IMPORTANT: Replace {site_url} with the actual site_url from mkdocs.yml. The URL prefix extraction must match exactly.

3.2 Hook Must Handle

  • Pages that resolve to dir/index.md or dir.md (MkDocs supports both)
  • Missing pages (fallback to link reference, don’t crash)
  • Preamble preservation (H1, blockquote, overview paragraphs pass through)
  • Section headers from llms.txt H2s

Phase 4: Wire Into Build

4.1 Register Hook in mkdocs.yml

Add to mkdocs.yml (before markdown_extensions: if it exists):

hooks:
  - hooks/generate_llms_full.py

If hooks: already exists, append to the list.

4.2 Update .gitignore

Add to .gitignore:

# Generated docs (rebuilt by MkDocs hook)
docs/llms-full.txt

4.3 Verify Build

# Generate standalone
python hooks/generate_llms_full.py

# Full MkDocs build
python -m mkdocs build --strict

# Verify both files in site output
ls -la site/llms.txt site/llms-full.txt

Both files must be present in site/. If --strict fails, fix warnings before proceeding.


Phase 5: Commit, PR, Verify

5.1 Branch and Commit

# Create branch (if not already on a feature branch)
git checkout -b feat/llms-txt

# Stage relevant files only
git add docs/llms.txt hooks/generate_llms_full.py mkdocs.yml .gitignore

# Commit
git commit -m "feat: add llms.txt and build hook for AI-queryable docs"

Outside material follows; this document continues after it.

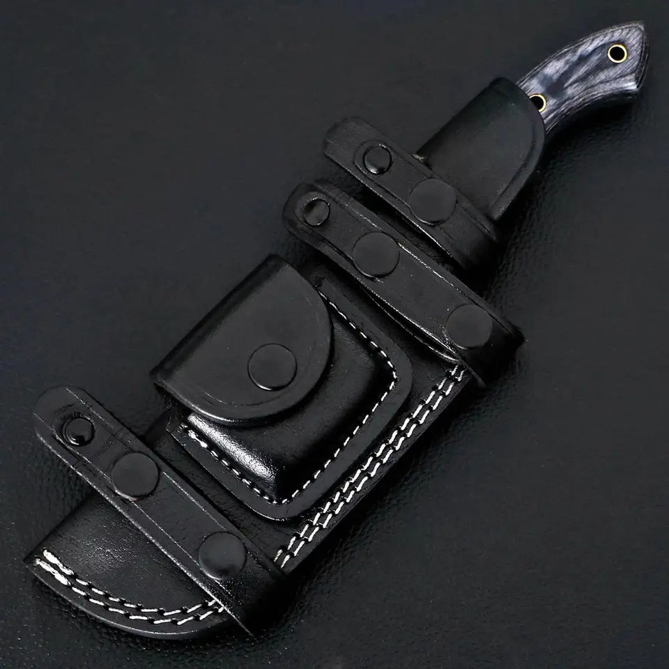 Couteau Tracker Burraq personnalisé fait main en acier Damas, manche intégral, étui en bois et cuir, cadeau d'anniversaire OEM, camping en plein air

Do NOT stage docs/llms-full.txt — it’s generated and gitignored.

5.2 Create PR

git push -u origin feat/llms-txt

gh pr create \
  --title "feat: add llms.txt for AI-queryable docs" \
  --body "Adds llms.txt (curated index) and llms-full.txt (all docs inlined) \
to the documentation site. MkDocs build hook auto-regenerates llms-full.txt \
from source markdown on every build. Follows the llms.txt standard for \
Context7, mcpdoc, and other AI tools. Closes #{issue_number}"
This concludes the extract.